A Moscou, les magasins « beriozka » remis en service


Une « beriozka » vendant des souvenirs aux touristes, dans la station balnéaire de Sotchi (Russie), en 1964.

C’est un voyage vers le passé. La Russie de Vladimir Poutine s’apprête à raviver un héritage soviétique, avec l’ouverture de magasins permettant aux diplomates étrangers d’acheter en dollars (et désormais en euros) des produits occidentaux. Comme les beriozka (« petit bouleau », en russe), qui, entre 1961 et 1990, proposaient aux étrangers et à la nomenklatura, l’élite nationale, une riche palette de produits importés, les futures boutiques seront surtout pour l’Etat un bon moyen d’acquérir des devises.

Un juteux business en ces temps de sanctions contre Moscou alors que des dizaines de grandes marques occidentales ont quitté la Russie et que des magasins ont été contraints de fermer en raison des dysfonctionnements dans les chaînes d’approvisionnement. L’affaire sera gérée directement par une société créée sous la tutelle du ministère des affaires étrangères russe, en association avec un partenariat commercial.

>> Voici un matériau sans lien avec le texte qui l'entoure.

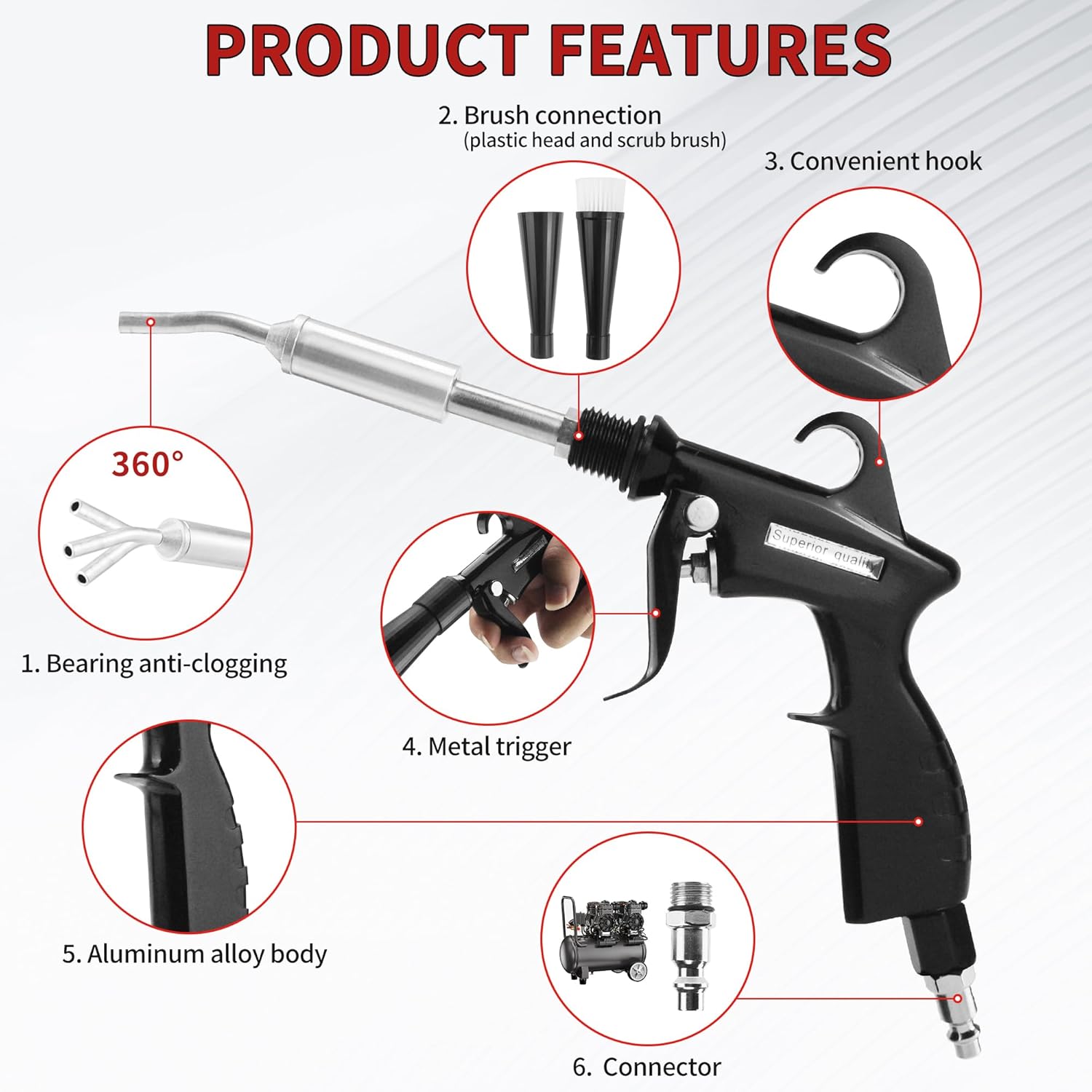 - Package Includes: 1pc x air blow gun;1pc x detail brush of 5 sizes;1pc x brush horn head;1pc x fiber cleaning cloth;1pc x USA connector for multi-scenario cleaning

Dans les rayons, comme au bon vieux temps de l’URSS, seront proposés, hors taxe, alcools, tabac, bijoux, cosmétiques, parfums, mais aussi montres connectées et smartphones dernier cri. Ces produits risquent pourtant d’être couverts par les sanctions européennes : il est interdit de vendre, de fournir, de transférer ou d’exporter, directement ou indirectement, les articles de luxe d’une valeur supérieure à 300 euros à des personnes physiques ou morales résidant en Russie.

Le retour du marché noir

La règle est contournée régulièrement et de tels produits sont aujourd’hui proposés discrètement dans les grands centres commerciaux du luxe moscovites. Avec les sanctions et les premiers signes de la crise économique, le marché noir a fait son retour, encouragé par le ministère de l’industrie et du commerce russe, qui a autorisé des importations « parallèles » de biens étrangers sans l’autorisation du détenteur de la propriété intellectuelle.

C’est un décret du premier ministre russe, Mikhail Michoustine, qui a autorisé l’ouverture de ces nouvelles beriozka, magasins à devises dont le nom n’a pas encore été rendu public. La décision date du 26 juillet, mais les médias russes viennent seulement de la remarquer. L’ouverture des premiers points de vente, qui devraient apparaître rapidement dans le centre de Moscou et de Saint-Pétersbourg, est prévue pour le 27 août.

A l’époque soviétique, ces boutiques étaient aussi ouvertes aux militaires et à certains travailleurs opérant à l’étranger. Aujourd’hui, seuls seront a priori admis les diplomates, les employés d’une organisation internationale et les membres de leur famille. Pour faire ces libres emplettes, ils devront être munis de documents spéciaux. En revanche, comme autrefois, les produits pourront ensuite circuler et se revendre. Pour l’élite russe, fortunée et en manque de shopping occidental, ce sera un moyen détourné d’acquérir des biens de meilleure qualité et plus variés que ceux proposés par les boutiques ordinaires.